1953’e kadar ABD’nin tüm üniversitelerinde, basında, tiyatroda, sinemada ne kadar solcu aydın varsa baskıya uğradı. “Cadı avı” sırasında aydınlara Komünist Parti’ye üye olup olmadıkları soruldu. Üye iseler, diğer üyelerin isimlerini vermeleri ve “tövbe etmeleri” istendi. Bu aydınlar arasında Bertolt Brecht ve Charlie Chaplin de vardı. Arthur Miller da, uzun süren bu “cadı avı” döneminde, “Cadı Kazanı” adlı oyunu nedeniyle yargılandı ve mahkum edildi.
Cadı Kazanı, zulmün ve şiddetin doruğa çıktığı bu dönemi anlatır. Anlatılanlar, özgür düşünceye yaşama hakkı tanımayan birtakım bağnaz Hristiyan’ın, dini inançları kullanarak, toplumsal düzeni ve hukuku ele geçirmelerinin ibret dolu hikâyesidir. Arthur Miller insanlık tarihinin gördüğü bu en korkunç ve unutulmaz olayı sahneye taşımıştır.
Evet bunları bize yapanı şimdi düşünebiliriz!
“Sanat önemli değildir!” düşüncesi zihinlere yer ettirildikçe o zihinler yaşam mücadelesi içinde sanatı, elitist olarak gördükçe (gösterildikçe) toplum-sanat arasında tabakalaşma da kaçınılmaz olacaktır.
Kısaca sanat, insanların iyi günleri için mutluluk verirken kötü günlerinde habercisi olmaya çalışmıştır. Sanatın her dalında özgürlük vardır ve bu özgürlük için sanat her zaman “aydın” kalmalıdır!
“Bir milleti yaşatmak için birtakım temeller lazımdır ve bilirsiniz ki, bu temellerin en önemlilerinden biri sanattır.” Mustafa Kemal ATATÜRK
***
“Sanat her yerde” düşüncesiyle bir çok proje köylerde hayat buluyor. Bunun en güzel örnekleri “fark yaratanlar” programından “sinemasal” projesidir. Amaçları, sosyal açıdan imkânları kısıtlı olan çocukların ve gençlerin hayata daha olumlu bakabilmelerini ve iyi bir gelecek hayal etmelerini sağlamaktır.

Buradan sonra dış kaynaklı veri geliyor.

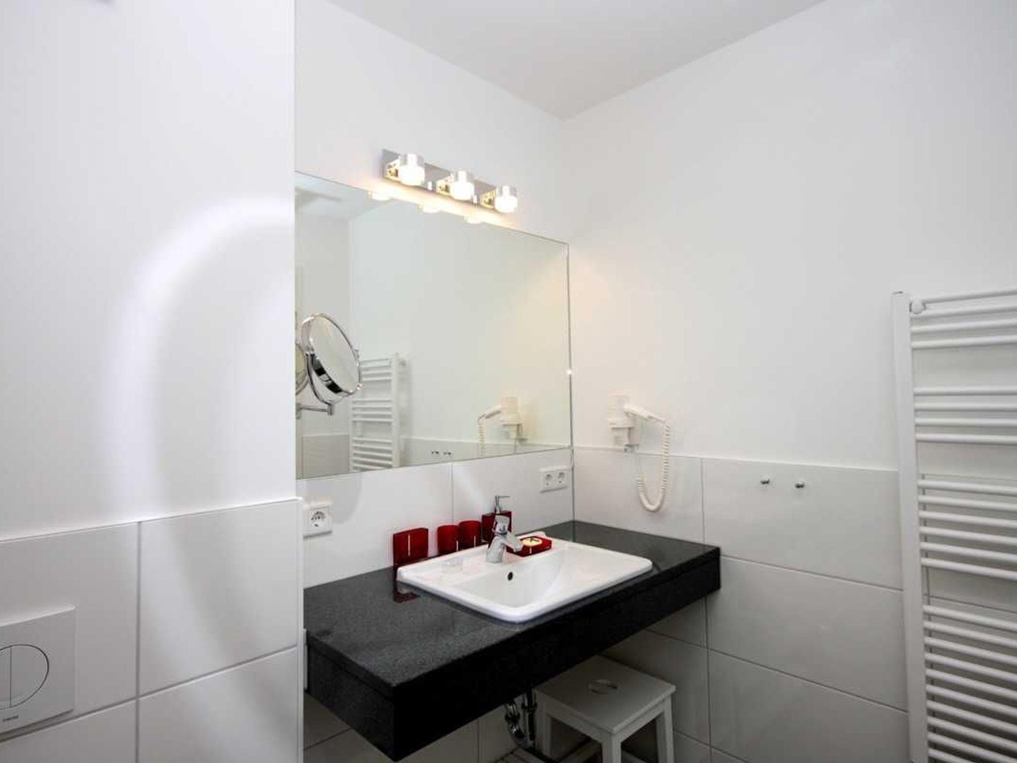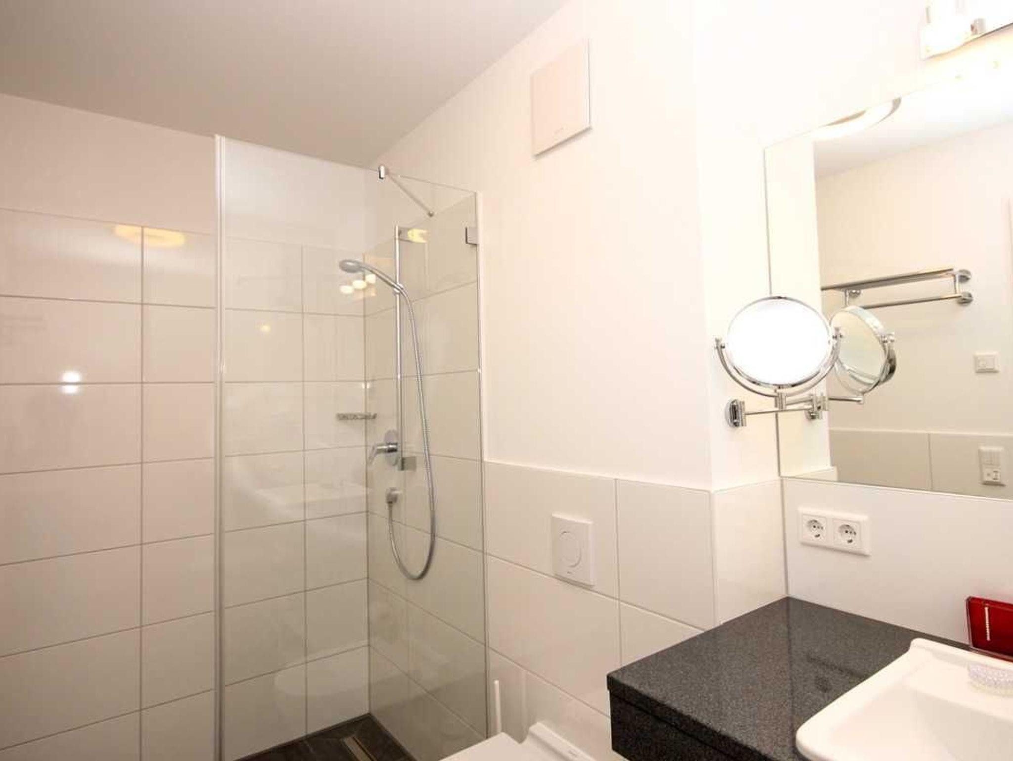 Das Badezimmer ist elegant gefliest mit ebenerdiger Dusche, zusätzlich sind ein elektrisch beheizbarer Handtuchhalter, ein Kosmetikspiegel und ein Haarfön vorhanden.

Köylerde hayatları bir mücadele içinde geçen çocuklara bazen “sanat” gitmelidir. O gidilmeyen, bilinmeyen yüzlere ulaşmalıdır. Renkli kalemlerle müzik aletleriyle ufuklarını genişletecek güzel şeylerle gidilmelidir. İçlerinden bir ressam, bir yazar belki de sinemacı çıkabilecek o güzel yüzler için çok uzak köylere gidilmelidir. Bu köylere giden gönüllü insanlar içinde sonsuz teşekkürler edilmelidir.
***
“3 Aralık Dünya Engelliler Günü” fakat her yıl çeşitli yaşlarda 770 engelli öğrenci, sırf çocuklara “engelli arkadaşlarına nasıl davranmaları gerektiği” öğretilmediği için okulu bırakıyor! Maalesef böyle bir gerçek var. İçimi acıtan bu duruma, şahit olmuşluğum var! 12 -13 yaşlarındaki çocukların zihinsel ve bedensel engelli çocuklarla alay etmeleri, peşlerinden koşmaları, acımasız davranışları var! Böyle bir olayın içinde öfkelenmeden empati yapmalarını anlatmak o kadar zor ki! “Engelli çocuklara nasıl davranılması gerektiğini” öğretmek için önce ailelerin, sonra da okulların bu eğitimi vermesi gerekiyor. Okulunu bırakan engelli çocuklar, engel durumundan dolayı çocuklarını gizleyen sokağa çıkaramayan aileler var! Bu yüzden lütfen çocuklarınıza “engelli arkadaşlarına” nasıl davranılması gerektiğini öğretin.